Repeat the data below in full. Pictures must not be part of the copy.

### Material provided
++++++++++++++++++++

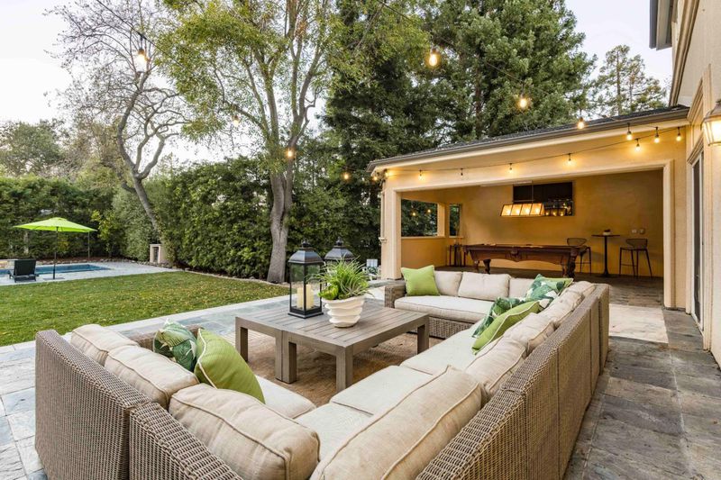 Tucked away at the end of a cul-de-sac on over .40 acres, this elegant home offers exceptional privacy and a refined two-level floorplan of nearly 4,000 sf. Step into a dramatic foyer with a soaring ceiling and stained-glass dome, opening to inviting formal rooms, an expansive kitchen with top-brand appliances, a walk-out family room with seamless indoor-outdoor flow, and a conveniently located office. Four bedrooms include a spacious primary suite with a beautifully appointed bath designed for comfort, scale, and quiet retreat. The expansive backyard is ideal for entertaining, featuring a pool and a covered patio with built-in heaters for year-round enjoyment. All of this is paired with an unmatched location just minutes from a premier country club, Sand Hill Road, Stanford University, downtown Menlo Park, and Interstate 280, with access to acclaimed Las Lomitas Elementary, La Entrada Middle, and Menlo-Atherton High School (buyer to verify eligibility).
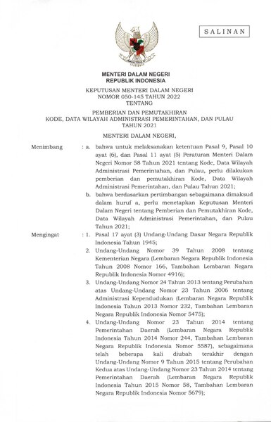 从中央政府技术官僚的角度来看,这并非一个凭空产生的决定。它实际上是对一系列更早行政编码工作的正式确认。其依据可追溯至2008年、2017年和2021年的一系列跨部门会议和核查工作,在这些过程中,四岛均被记录在北苏门答腊的名下。这一系列行动的高潮是2022年发布的第050-145号内政部长决定书,该决定书已将四岛纳入北苏门答腊的行政编码。甚至在2012年,印尼政府向联合国提交的岛屿名录中,这四个岛屿也被列为北苏门答腊省的一部分。
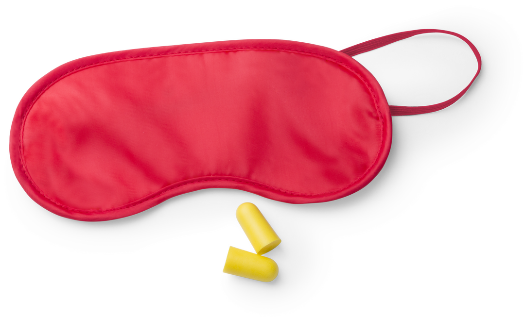 Set de viaje de mascarilla y tapones para oídos. Mascarilla en suave y confortable microfibra de vivos colores con elástico de ajuste a juego. Tapones en confortable material EVA de color amarillo. Presentado en bolsa individual.

++++++++++++++++++++

### Reply to the exercise
 Tucked away at the end of a cul-de-sac on over .40 acres, this elegant home offers exceptional privacy and a refined two-level floorplan of nearly 4,000 sf. Step into a dramatic foyer with a soaring ceiling and stained-glass dome, opening to inviting formal rooms, an expansive kitchen with top-brand appliances, a walk-out family room with seamless indoor-outdoor flow, and a conveniently located office. Four bedrooms include a spacious primary suite with a beautifully appointed bath designed for comfort, scale, and quiet retreat. The expansive backyard is ideal for entertaining, featuring a pool and a covered patio with built-in heaters for year-round enjoyment. All of this is paired with an unmatched location just minutes from a premier country club, Sand Hill Road, Stanford University, downtown Menlo Park, and Interstate 280, with access to acclaimed Las Lomitas Elementary, La Entrada Middle, and Menlo-Atherton High School (buyer to verify eligibility).
 从中央政府技术官僚的角度来看,这并非一个凭空产生的决定。它实际上是对一系列更早行政编码工作的正式确认。其依据可追溯至2008年、2017年和2021年的一系列跨部门会议和核查工作,在这些过程中,四岛均被记录在北苏门答腊的名下。这一系列行动的高潮是2022年发布的第050-145号内政部长决定书,该决定书已将四岛纳入北苏门答腊的行政编码。甚至在2012年,印尼政府向联合国提交的岛屿名录中,这四个岛屿也被列为北苏门答腊省的一部分。
 Set de viaje de mascarilla y tapones para oídos. Mascarilla en suave y confortable microfibra de vivos colores con elástico de ajuste a juego. Tapones en confortable material EVA de color amarillo. Presentado en bolsa individual.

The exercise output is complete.